# Tired of Contributing to this section



## TheKingsFish (Jan 8, 2011)

Two strangers came 
From a faraway town
And traveled the strange city round.
To the pet shops they went
And money spent
When to the Seahorse they came down.
The first they saw was the lovely blue crown.

She and her sisters had also traveled
And arrived mere hours before:
Still trapped with her sisters
In a single bag
When the travelers came through the door.
About the store they wandered,
The merchant's wares they pondered
Before stopping dead in their corner of the store;
So many pink sisters never seen before.

The pink sisters caught the Poet's eye
And she greeted them with a sigh,
But the Bard felt her heart sag
When she eyed the crowded bag.
The girls were released and tumbled down,
And that is when they saw the blue crown.

About the tank she swam
While the travelers admired her span.
After they observed she was the first they chose,
Then a purple sister
And another rose.
Hours again they journeyed
Though they had just arrived.
That night the travelers hurried,
Not knowing that one would die.

The first day went well
All seemed to love their sphere
But on the second day
The lovely blue crown
Gave the travelers cause for fear.
They acted quickly
With potions to ease her strife
But on the third morning
The blue crown lost her life.

Each time females arrive,
It strikes faster,
Gets worse.
Perhaps when they go to the river this time
The travelers can end the female curse.


----------



## Abby (Jan 13, 2011)

:'( That is beautiful


----------



## Bettaluver4evr (Jan 21, 2011)

Wow, that's brilliant and sad and really amazing! Wonderful talent.


----------



## TheKingsFish (Jan 8, 2011)

At this rate I think I might start compiling a book of Betta Elegies (though this one is more like a ballad).


----------



## Bettaluver4evr (Jan 21, 2011)

You should, I'd buy it!
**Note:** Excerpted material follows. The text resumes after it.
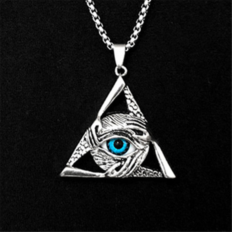Wholesale Retro triangle evil eye pendant hip-hop sweater chain
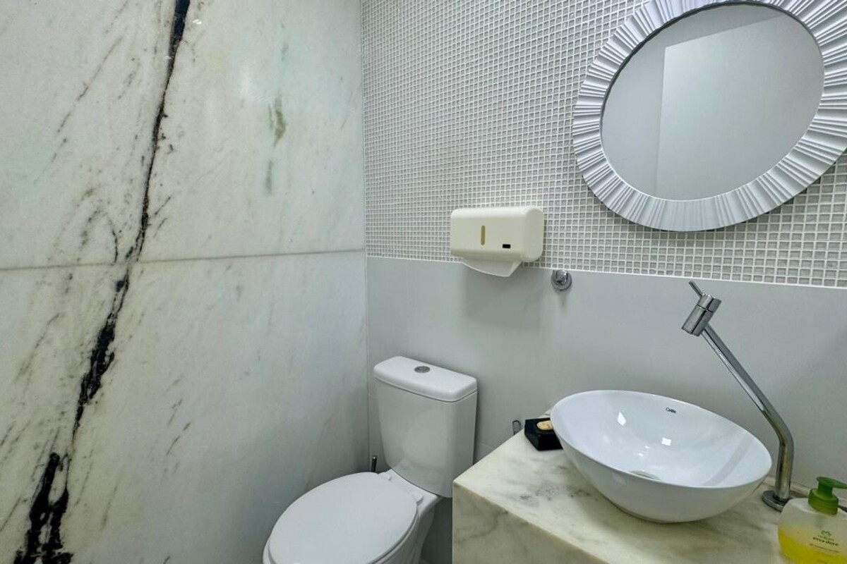 Na área social, os ambientes são bem distribuídos e acolhedores. A casa conta com ampla sala para dois ambientes com piso em porcelanato, sala íntima, sala de jantar integrada, lavabo elegante e um escritório funcional, ideal para home office.

LOL.


----------



## Lupin (Aug 2, 2006)

Well, it shows your sheer poetic talent.


----------



## TheKingsFish (Jan 8, 2011)

*shrugs* I don't know if I would call it talent. I put the words to paper (or screen, as the case may be) when they come to me. Perhaps a book of poems lamenting deceased bettas is a little morbid though?


----------



## baylee767 (Nov 5, 2010)

I think it would be a wonderful tribute.

And I'm sorry about your Bettas )=


----------



## TheKingsFish (Jan 8, 2011)

Thanks.


----------